Régime de pensions du Canada (RPC) – autre

Informations sur la décision

Résumé :

RPC – invalidité – application du critère Villani à la situation personnelle

La requérante était conductrice de chariot élévateur. Elle a eu un accident de voiture qui l’a laissée avec de la douleur et des maux de tête. Elle avait une 8e année et aucune connaissance en informatique. Neuf ans après l’accident, elle a présenté une demande de pension d’invalidité, mais le ministre l’a rejetée. Elle a fait appel à la division générale (DG). La DG a rejeté l’appel. La DG a examiné les problèmes de santé et les antécédents personnels de la requérante et a conclu qu’elle pouvait encore travailler.

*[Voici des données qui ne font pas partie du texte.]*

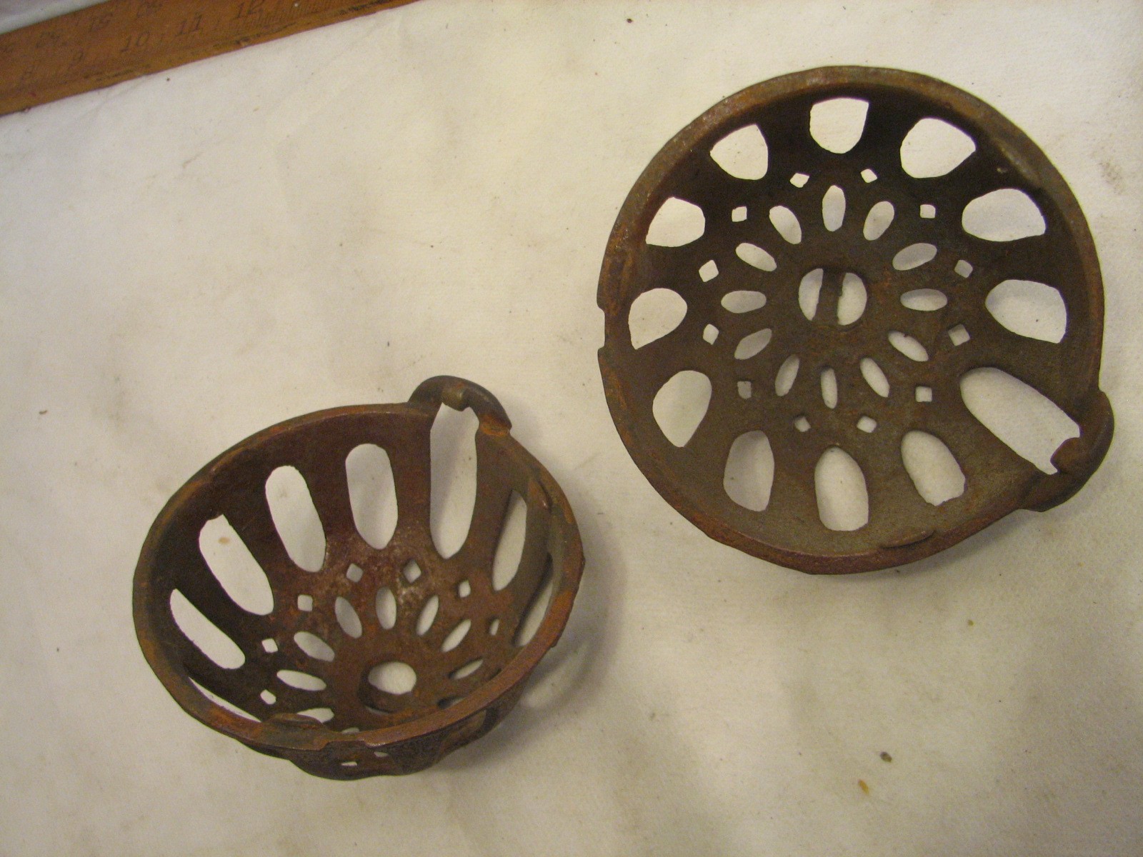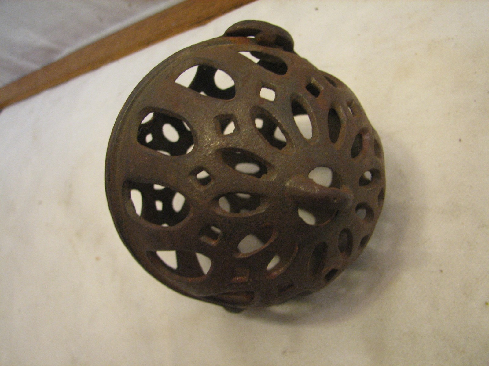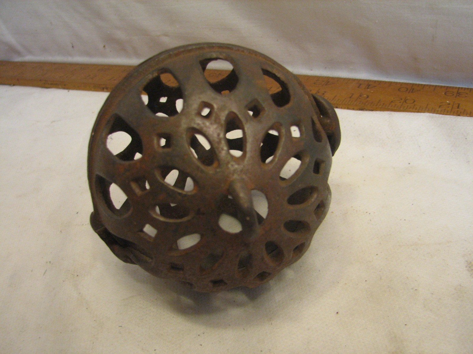Item Description A neat early cast iron string ball holder. Not sure of the maker. In overall good used condition with minor wear. Has a loop at either end and would likely have been hung for easy access. Measures about 3-3/4 inches across each half and this is about 4 " end to end.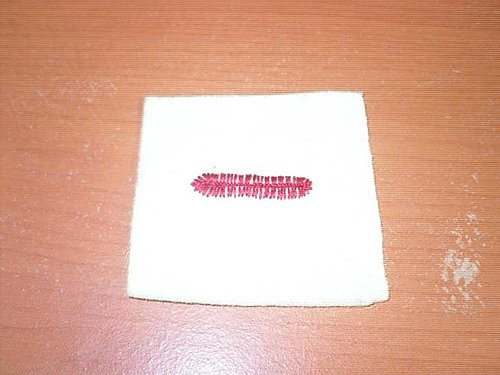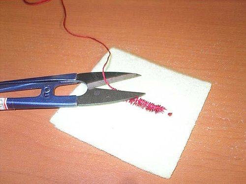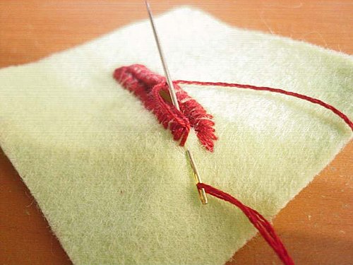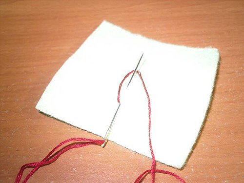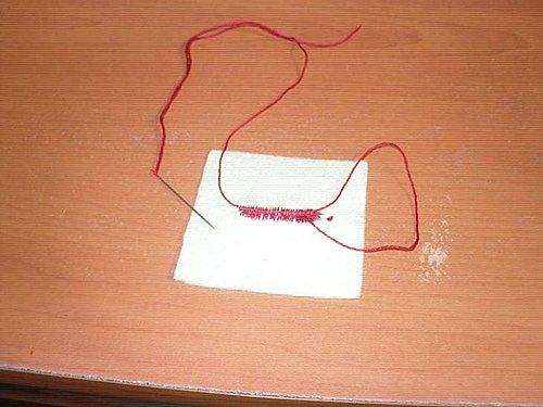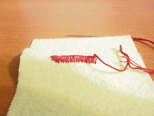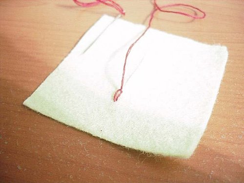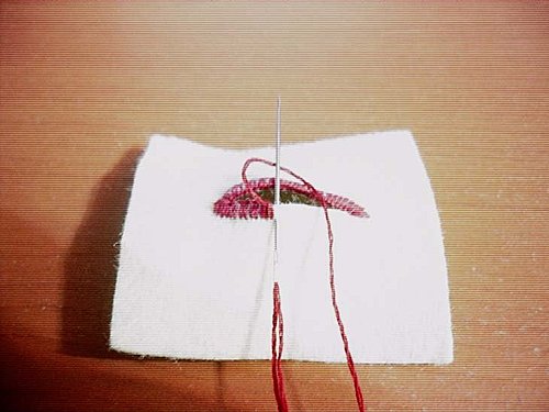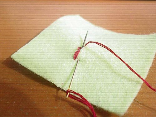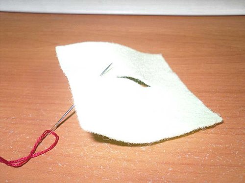以下蘋果媽媽示範手縫釦眼的技法,為了示範方便,蘋果媽媽使用顏色反差較大的布和線來表現,

La requérante a donc fait appel à la division d’appel (DA). Celle-ci a conclu que la DG avait commis une erreur de droit. La décision de la DG mentionnait les antécédents de la requérante, mais ne montrait pas que la DG avait examiné les répercussions de son niveau d’éducation limité et du fait qu’elle n’a aucune connaissance en informatique sur sa capacité à travailler. La DA a rendu la décision que la DG aurait dû rendre et a conclu que la requérante était invalide. À cause de ses problèmes de santé, il était très difficile pour la requérante de travailler dans des emplois exigeants physiquement. Puisqu’elle a seulement occupé des emplois exigeants sur le plan physique, ses compétences d’emploi n’étaient pas transférables à un travail sédentaire. Son manque de connaissances informatiques et ses autres difficultés de lecture et d’écriture font en sorte qu’il serait difficile pour elle de se recycler. Avec peu de scolarité, elle aurait du mal à trouver des emplois sédentaires sur le marché du travail. Ses problèmes de santé ne se sont pas améliorés après neuf ans et rien ne prouvait qu’il était possible d’y remédier; sa condition était donc prolongée. La DA a accueilli l’appel, ce qui signifiait que la requérante était admissible à la pension d’invalidité.

Contenu de la décision

[TRADUCTION]

Citation : LG c Ministre de l’Emploi et du Développement social, 2021 TSS 277

Numéro de dossier du Tribunal: AD-21-92

ENTRE :

L. G.

Appelante

et

Ministre de l’Emploi et du Développement social

Intimé


DÉCISION DU TRIBUNAL DE LA SÉCURITÉ SOCIALE
Division d’appel


DÉCISION RENDUE PAR : Valerie Hazlett Parker
DATE DE LA DÉCISION : Le 14 juin 2021

Sur cette page

Décision et motifs

Décision

[1] L’appel est accueilli.

[2] La présente décision est celle que la division générale aurait dû rendre. La requérante est invalide. Les paiements de pension d’invalidité entreront en vigueur à compter de juin 2017.

Aperçu

[3] L. G. (requérante) a terminé sa 8e année avant d’intégrer la population active. Son dernier emploi a été celui de conductrice de chariot élévateur. Après avoir été impliquée dans un accident de la route, la requérante a commencé à avoir des maux de tête et de la douleur au dos, au cou et à l’épaule droite.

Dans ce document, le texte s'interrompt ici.